Defronzo goes on to state that the Iranian subjects needed to unify the major classes cutting across class distinctions, which resulted in a coup d’?tat. Moreover, the political situation at that moment fueled the revolution by paralyzing the administrative authority of the state, allowing the revolutionary movement to flourish. Finally, DeFronzo emphasizes the role played by the rest of the world in terms of active and passive support of the revolution. Most of the other countries were evidently reluctant to interfere with the revolution (DeFronzo, 2015, p. 23).

In my opinion, DeFronzo’s argument that Iran’s revolution arose because of the presence of imbalanced class communities is factual to a significant extent. Iran encompassed the capitalist and the ancient class. Capitalist Iran was gaining considerable strength concentrated in the comparably smaller oligarchy. The majority of the Iranian people lived in an era characterized by the devotion to traditional religious ethics, self-exploitation, as well as political processes based on consensus building.
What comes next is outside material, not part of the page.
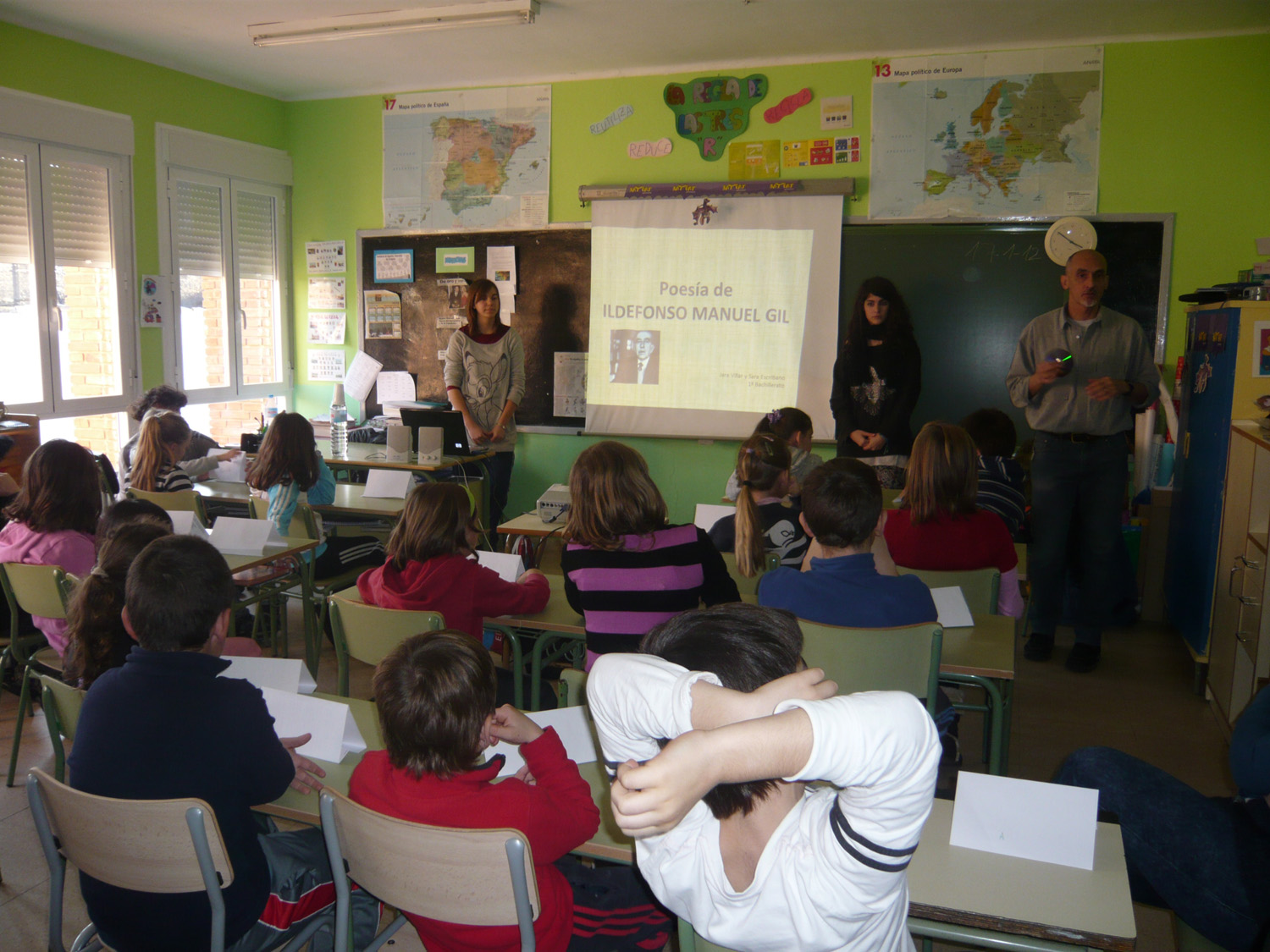 Actos de homenaje por el centenario del nacimiento de Ildefonso-Manuel Gil en Paniza. Las alumnas Sara Escribano y Jara Villar han acudido al colegio público de Paniza a mostrar su trabajo sobre poesía paisajística a los alumnos paisanos del escritor aragonés. Las alumnas habían trabajado, junto a su grupo de 1º de Bachillerato de Ciencias, diferentes textos del autor en los diferentes géneros: poesía, narrativa y teatro. En el colegio de Paniza los alumnos de primaria han estado leyendo también al autor en estos días que se celebra el centenario de su nacimiento. Después de realizar una presentación sobre la poesía del escritor los niños y niñas de Paniza han compartido con las alumnas y su profesor algunas dudas sobre la vida del autor y también su gusto por la poesía y la lectura. Finalmente han mostrado su pericia en el canto pues con la maestra de música han adaptado en forma de canción dos poemas dedicados a Paniza.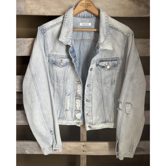 Vigoss Light Wash Denim Jean Jacket Size XL Button Closure Pockets

There was an unspoken understanding that as long as the boundaries of these two communities did not intersect, peace would prevail as there would be insufficient tension in the society capable of provoking a revolutionary crisis. However, the presence of the monarchist regime that created internecine strife among capitalist Iran while fuelling the growth of oligarchic capitalism threatened the survival of ancient world, which was a critical catalyst towards the 1979 revolution. Moreover, the continued class struggles encouraged widespread discontent with the monarchist regime. The ability of the monarchist regime to mobilize masses of people while failing to consider the class consequences of its actions proved fatal (Goldstone, 1986, p. 240).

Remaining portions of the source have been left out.